==== Data segment ====
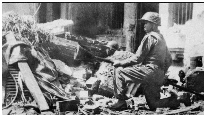
Hình 3: “Quyết tử quân” Hà Nội ôm bom ba càng đón đánh xe tăng Pháp
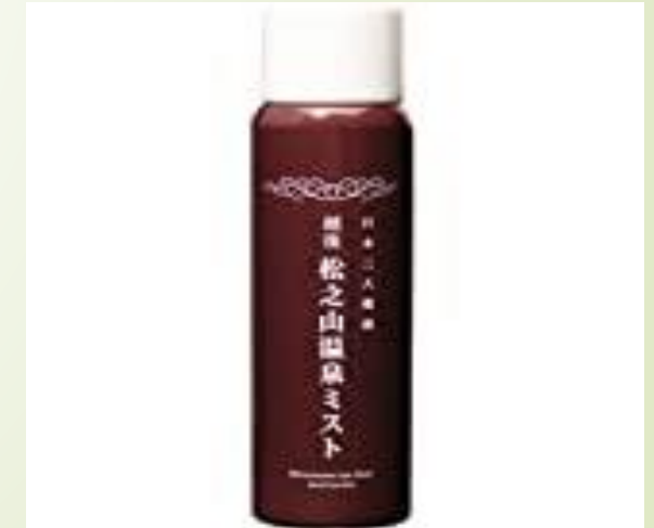
松之山温泉ミスト
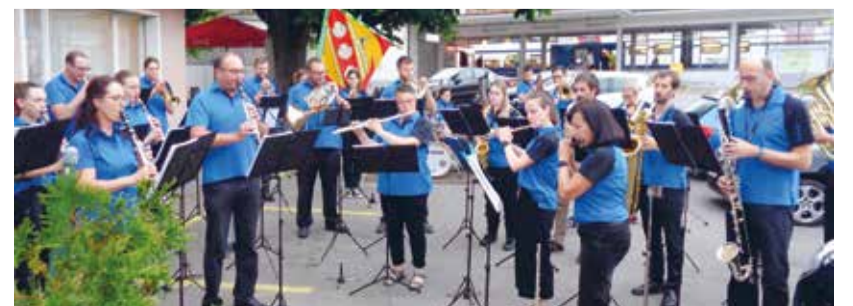
Das vielseitige Konzertprogramm gefiel den Gästen beim Restaurant Bahnhof in Sirmach.
====
> [Your assignment]:
None of the pictures should be reproduced; all other material above must be set down exactly.

> [Finished task]:
Hình 3: “Quyết tử quân” Hà Nội ôm bom ba càng đón đánh xe tăng Pháp
松之山温泉ミスト
Das vielseitige Konzertprogramm gefiel den Gästen beim Restaurant Bahnhof in Sirmach.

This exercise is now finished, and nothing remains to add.